### DATASET RECORDS
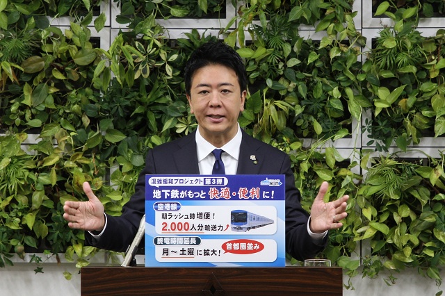 やっぱり間隔をできるだけ早く、次の電車、次の電車というふうにしたいんですけども、当然、これ七隈線も一緒ですけれども、車両の台数が増えないとそれもできないわけであって、今、新しい車両というのもつくっておりまして、こういったものを投入していきながら、できるだけより福岡については、今朝もね、なんか発表されていましたけど、人口が福岡市については増えるエリアですので、しっかりこうした利用者が今後増えてきてもできるようにですね、新車両を新しくつくったり、それから、今、七隈について言うと150%輸送力を上げるために、今、ホームを全部広くしてですね、4両を6両にしたいというようなことも検討しておりますので、こういう様々な対応を取りながら、しっかり都市基盤を支えていきたいと思います。
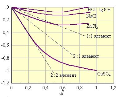 Коэффициент активности по Дебаю-Хюккелю зависит, по крайней мере, от температуры, диэлектрической проницаемости растворителя (ε) и ионной силы (I); последняя служит мерой интенсивности электрического поля, создаваемого ионами в растворе.
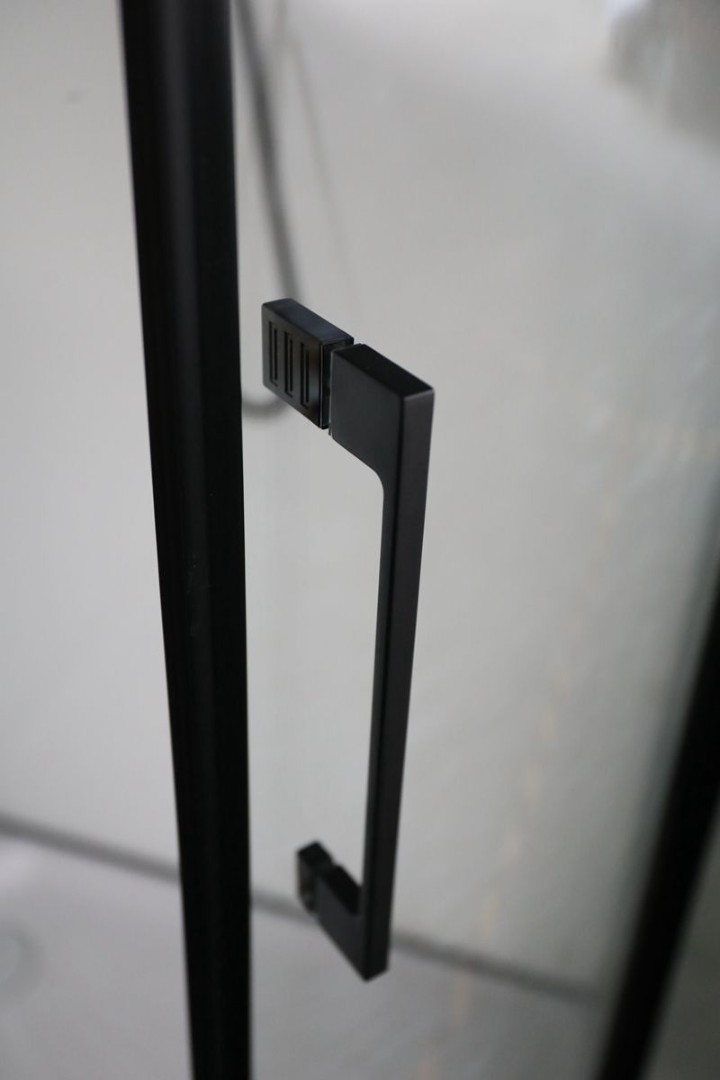 - Стильная со стеклянными задними стенками и черным профилем подчеркнет интерьер Вашей ванной комнаты.
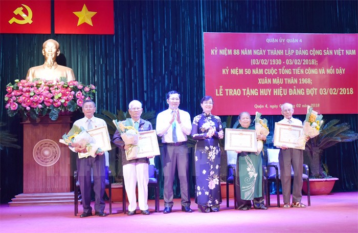 (Thanhuytphcm.vn) - Sáng 2/2, Quận ủy - HĐND - UBND - Ủy ban MTTQ Việt Nam Quận 4 tổ chức kỷ niệm 88 năm Ngày thành lập Đảng Cộng sản Việt Nam (3/2/1930 - 3/2/2018), kỷ niệm 50 năm cuộc Tổng tiến công và nổi dậy Xuân Mậu Thân 1968, trao tặng Huy hiệu Đảng đợt 3/2/2018. Tham dự lễ có Phó Bí thư Thành ủy, Chủ tịch HĐND TPHCM Nguyễn Thị Quyết Tâm.
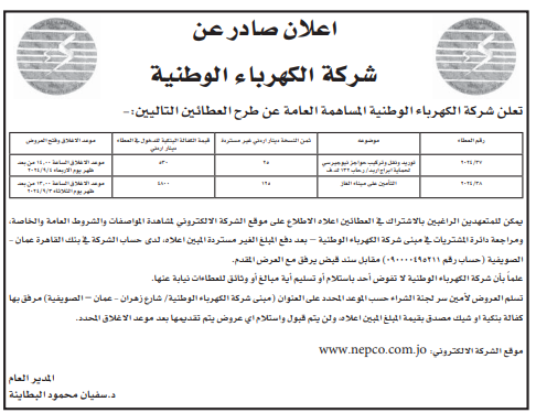 عطاءات صادرة عن شركة الكهرباء الوطنية
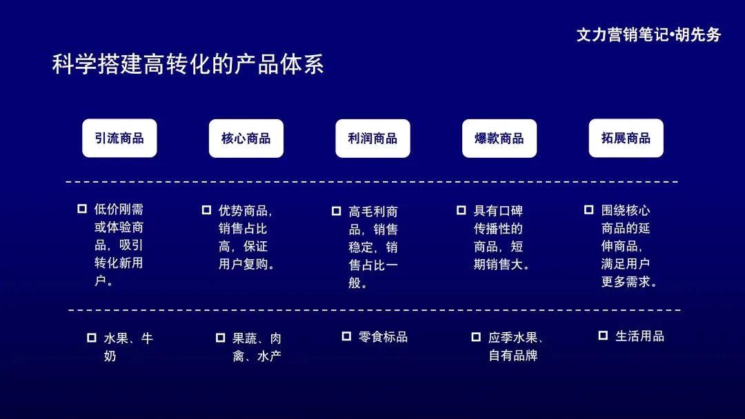 一套完整的产品体系包括引流商品、核心商品、利润商品、爆款商品和拓展商品。这里拿零售行业举例,每类商品概念对应做了补充说明。
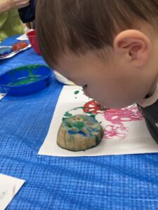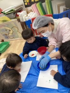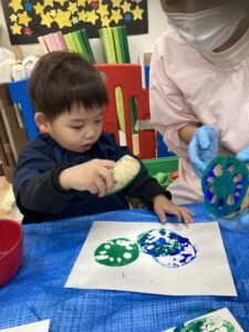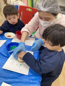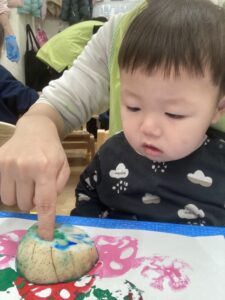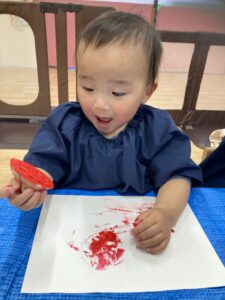 みんなで絵の具に付けて画用紙にペッタン!と、野菜スタンプにして遊んでみました🤓

### HOW TO COMPLETE THIS TASK
With the pictures excluded, retype exactly the lines from the one containing "(Thanhuytphcm.vn) - Sáng" through the last line of the listing, both ends included.

### ANSWER SPACE
 (Thanhuytphcm.vn) - Sáng 2/2, Quận ủy - HĐND - UBND - Ủy ban MTTQ Việt Nam Quận 4 tổ chức kỷ niệm 88 năm Ngày thành lập Đảng Cộng sản Việt Nam (3/2/1930 - 3/2/2018), kỷ niệm 50 năm cuộc Tổng tiến công và nổi dậy Xuân Mậu Thân 1968, trao tặng Huy hiệu Đảng đợt 3/2/2018. Tham dự lễ có Phó Bí thư Thành ủy, Chủ tịch HĐND TPHCM Nguyễn Thị Quyết Tâm.
 عطاءات صادرة عن شركة الكهرباء الوطنية
 一套完整的产品体系包括引流商品、核心商品、利润商品、爆款商品和拓展商品。这里拿零售行业举例,每类商品概念对应做了补充说明。
 みんなで絵の具に付けて画用紙にペッタン!と、野菜スタンプにして遊んでみました🤓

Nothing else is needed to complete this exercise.